Some 3.5 percent of Watson's genome could not be matched to the reference genome. One reason may be that the project scientists had to amplify human DNA by growing it in bacteria and may have lost many regions of human DNA that are toxic to bacteria, said Egholm, 454's vice president for research. The 454 sequencer skips the bacteria stage entirely and is free of this source of bias.

Venter said that 454 would have assembled Watson's genome by comparing short lengths of analyzed DNA with the reference sequence, so the company might not have detected any structural errors present in the reference assembly.

Venter said his new genome had been assembled from scratch.
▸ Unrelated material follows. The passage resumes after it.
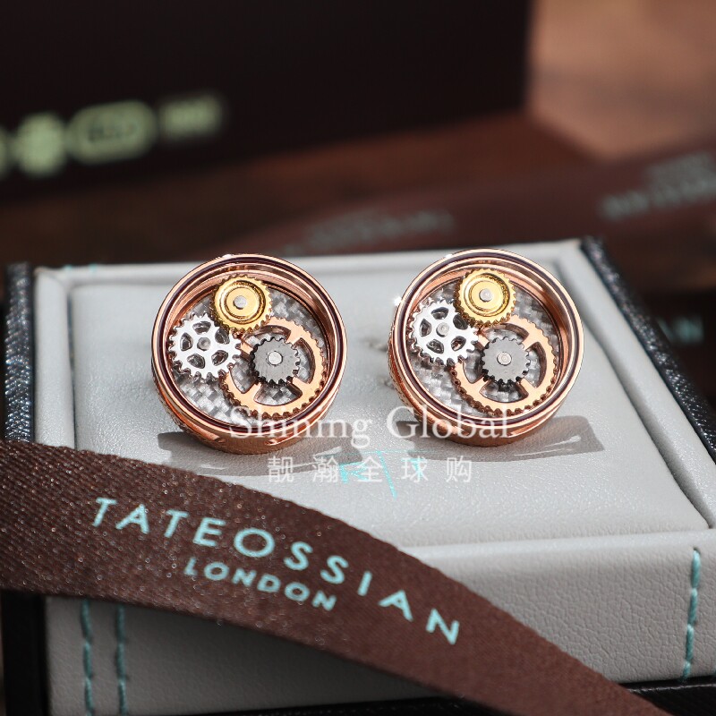 British cuff king TateossianRT mechanical round carbon fiber French cuff button sleeve nail Light luxury gift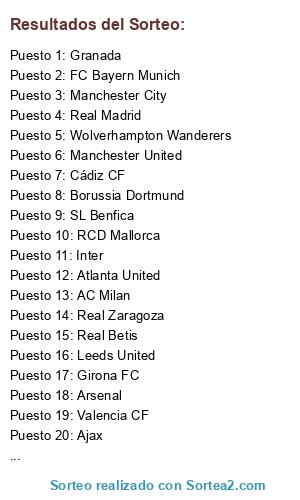 Lista de participantes: Inter, AC Milan, FC Barcelona, Ajax, Athletic Club de Bilbao, Borussia Dortmund, Valencia CF, Arsenal, Nottingham Forest, Wolverhampton Wanderers, Real Madrid, RC Celta de Vigo, Manchester City, Atlanta United, RCD Mallorca, Liverpool, FC Andorra, Manchester United, Leeds United, Girona FC, Granada, Real Betis, FC Bayern Munich, Albacete, Real Zaragoza, SL Benfica, Cádiz CF, Real Sociedad, Morecambe, Sevilla FC.

There were many more differences than he had expected, including in single units of DNA that were extra or absent. "It's clear we have grossly underestimated the extent of human variation," he said.

Both he and Egholm said it would be valuable to compare the two new genomes, especially as they were generated by different methods. "We are looking forward to getting the data and layering it on my genome," Venter said of his former rival's genome sequence.

Venter's new genome is "a real tour de force" and could become the new reference genome, said a researcher who heard him give a recent presentation on its details.

Some scientists believe that it will be medically useful to sequence patients' genomes when the cost of sequencing falls to around $10,000 or less. Egholm said that with improvements already under way, the 454 sequencing machine would soon be able to sequence a human genome for $100,000. The cost of sequencing has been dropping so fast in the hands of groups like 454 Life Sciences and Solexa, a subsidiary of Illumina, that some technologists predict the $10,000 genome will be attained in a few years.

At a news conference in Houston on Thursday, Watson urged that more human genomes be sequenced, including those of successful people as well as those of medical interest. "I just want the information assessed as soon as possible," he said.